> _Problem to solve_: Write out again, word for word, the lines below from the line that holds "Ocelová ozubená tyč" through the line that holds "W977 新製品プラスファット mm", omitting pictures.
┌─ Available data
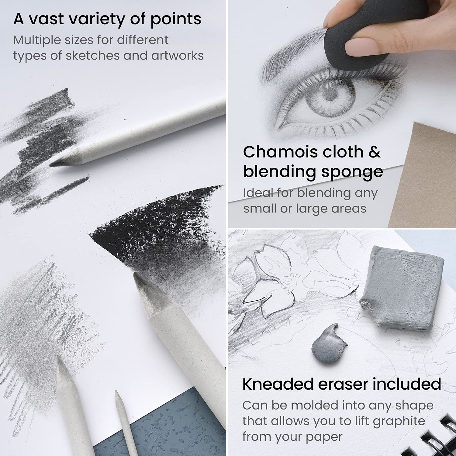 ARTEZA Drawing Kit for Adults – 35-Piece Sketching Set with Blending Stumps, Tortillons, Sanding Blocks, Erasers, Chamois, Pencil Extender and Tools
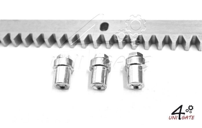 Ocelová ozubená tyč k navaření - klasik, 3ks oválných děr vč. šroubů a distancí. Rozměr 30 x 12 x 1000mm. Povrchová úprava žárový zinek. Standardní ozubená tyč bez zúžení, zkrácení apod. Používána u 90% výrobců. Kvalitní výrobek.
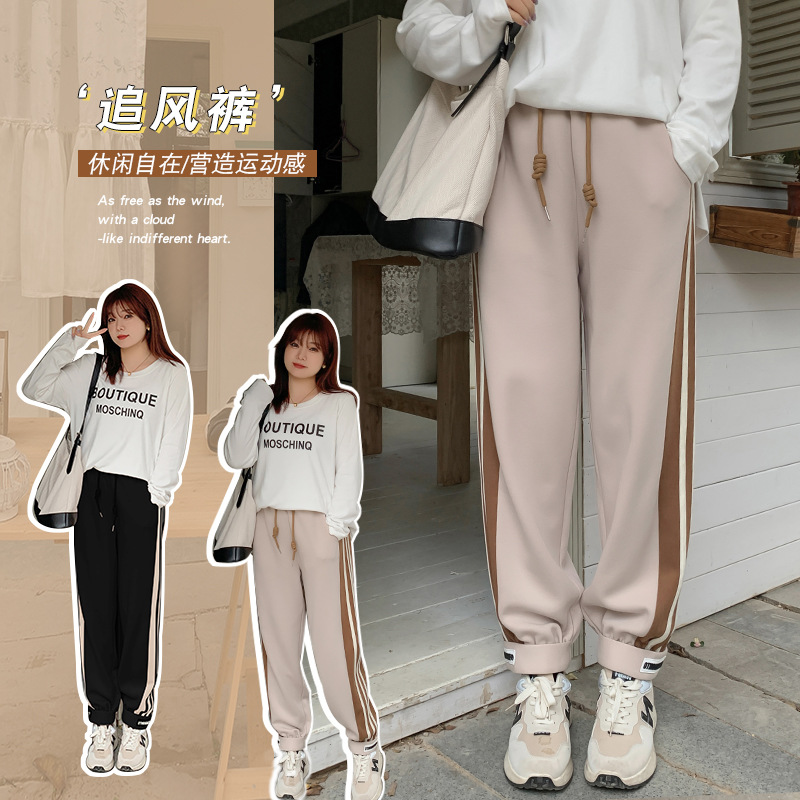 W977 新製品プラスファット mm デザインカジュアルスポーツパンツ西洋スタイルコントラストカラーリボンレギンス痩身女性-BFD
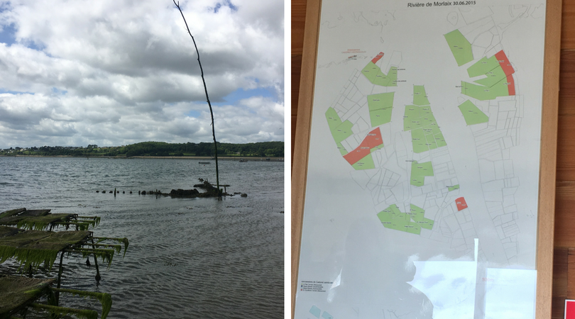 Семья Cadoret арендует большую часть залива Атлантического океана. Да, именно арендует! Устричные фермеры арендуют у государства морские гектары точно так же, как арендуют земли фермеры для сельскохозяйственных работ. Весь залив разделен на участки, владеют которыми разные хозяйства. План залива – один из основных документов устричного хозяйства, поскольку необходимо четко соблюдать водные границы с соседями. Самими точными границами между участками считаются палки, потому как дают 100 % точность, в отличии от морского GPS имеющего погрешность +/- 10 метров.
└─
> _Result_:
 Ocelová ozubená tyč k navaření - klasik, 3ks oválných děr vč. šroubů a distancí. Rozměr 30 x 12 x 1000mm. Povrchová úprava žárový zinek. Standardní ozubená tyč bez zúžení, zkrácení apod. Používána u 90% výrobců. Kvalitní výrobek.
 W977 新製品プラスファット mm デザインカジュアルスポーツパンツ西洋スタイルコントラストカラーリボンレギンス痩身女性-BFD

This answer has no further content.